The main contributions of this paper are as follows:

• We present the first comprehensive, E2E evaluation of a general-purpose CGRA for modern LLM inference. Our work demonstrates that a non-AI-specialized architecture can achieve superior energy efficiency, improving the Power-Delay Product (PDP) by up to 44.4× and the Energy-Delay Product (EDP) by up to 11.5× compared to a high-performance GPU. This finding validates a sustainable hardware approach that avoids the risk of rapid obsolescence associated with task-specific ASICs.

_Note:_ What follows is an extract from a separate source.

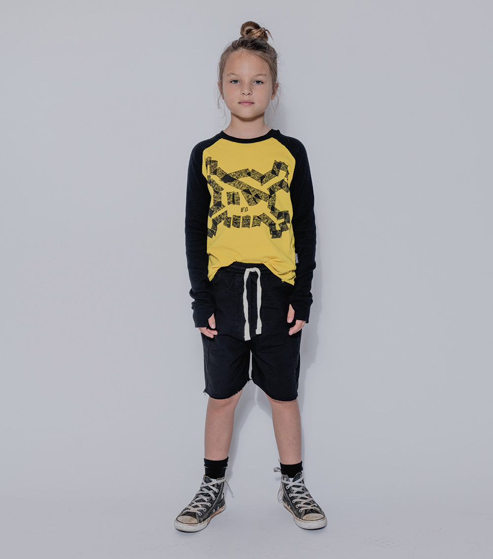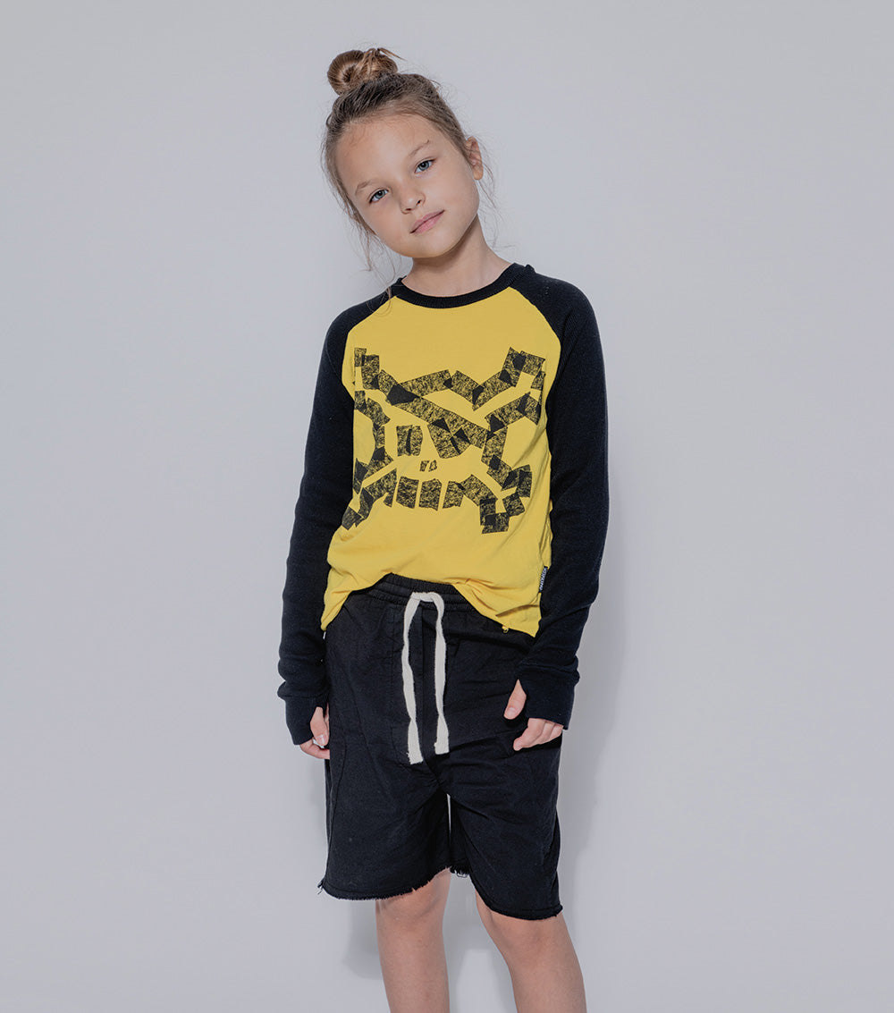 summer is all about the shorts game, and these are the win for boys & girls. light & airy, these black shorts are a bit on the longer side for a laid-back look, and they’re cut loose but fit well, not like you’re swimming in ‘em. elastic drawstring waist keeps it tight (literally), and a frayed hem adds a little edge.

• We identify a critical performance bottleneck shift from computation to host-accelerator data transfer. Our system-level analysis using the llama.cpp framework reveals that the decode phase is data-transfer-bound, a finding obscured in kernel-centric evaluations that provides crucial guidance for latency optimization. • We validate CGRAs as a viable architectural solution that balances efficiency and programmability for sustainable LLM inference. Our work establishes that general-purpose reconfigurable hardware can effectively adapt to rapid algorithmic evolution, making it a practical choice for power-constrained deployment.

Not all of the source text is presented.